# Property Tax on HGVC Ownership?



## CodyA88 (Aug 25, 2016)

Bought a HGVC timeshare this year.  Curious as to if I will have to pay property tax to the state the home resort is in (South Carolina) in addition to the maintenance fees?  Thanks for the clarification.


----------



## presley (Aug 25, 2016)

Yes you will be billed by the state.


----------



## natarajanv (Aug 25, 2016)

CodyA88 said:


> Bought a HGVC timeshare this year.  Curious as to if I will have to pay property tax to the state the home resort is in (South Carolina) in addition to the maintenance fees?  Thanks for the clarification.



You don't pay anything directly to the state. Usually it is a line item like this:

Las Vegas Strip aka on the Boulevard
2 Bedroom (5000 gold and 7000 platinum)
2016 Operating fee $586.62
2016 Reserve fee $186.78
2016 Real estate taxes $29.17

Total $802.57

2016 Club dues $150


----------



## natarajanv (Aug 25, 2016)

presley said:


> Yes you will be billed by the state.



hmm... I did not know that.


----------



## presley (Aug 25, 2016)

natarajanv said:


> hmm... I did not know that.


Depends on where you own. My GPR affiliates include the taxes on the MF bill. Others have been billed by the state.


----------



## MikeinSoCal (Aug 25, 2016)

My tax guy told me that I can deduct the property tax.  :hysterical:


----------



## presley (Aug 25, 2016)

MikeinSoCal said:


> My tax guy told me that I can deduct the property tax.  :hysterical:


I am able to deduct the property tax for my California timeshares on my state income tax. I cannot do that with the timeshares that are not in my home state.


----------



## phil1ben (Aug 25, 2016)

Normally property taxes are billed directly to HGVC as the property manager. You will then pay your pro-rata share when you pay your yearly maintenance fee. There is a line item on the bill for real estate taxes.


----------



## Shmiddy (Aug 25, 2016)

presley said:


> I am able to deduct the property tax for my California timeshares on my state income tax.

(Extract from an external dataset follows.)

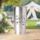 Benutzerdefinierte bedruckte Tassen und Tumbler mit trendigem Schwarz-Weiß-Design "Happy Camper" mit Stamm-Pfeil-Rahmen und niedlicher Teepee-Grafik. Verwenden Sie die Entwurfswerkzeuge, um eigene Texte und Fotos hinzuzufügen, um ein Design zu erstellen, das einem guten Design entspricht.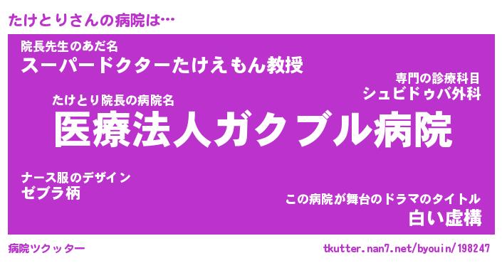 | 意味不明あだ名 | 『ペロリンたけとり』『永久保存たけとり』 |

I cannot do that with the timeshares that are not in my home state.



The property tax portion is fairly small - mine is less than $75.


----------



## dvc_john (Aug 25, 2016)

For my FL, HI, NV, and SC timeshares, the real estate taxes are billed as an itemized line on the maintenance fee bill.

For my CA timeshare, the real estate taxes are billed directly by the county and paid directly to the county.


----------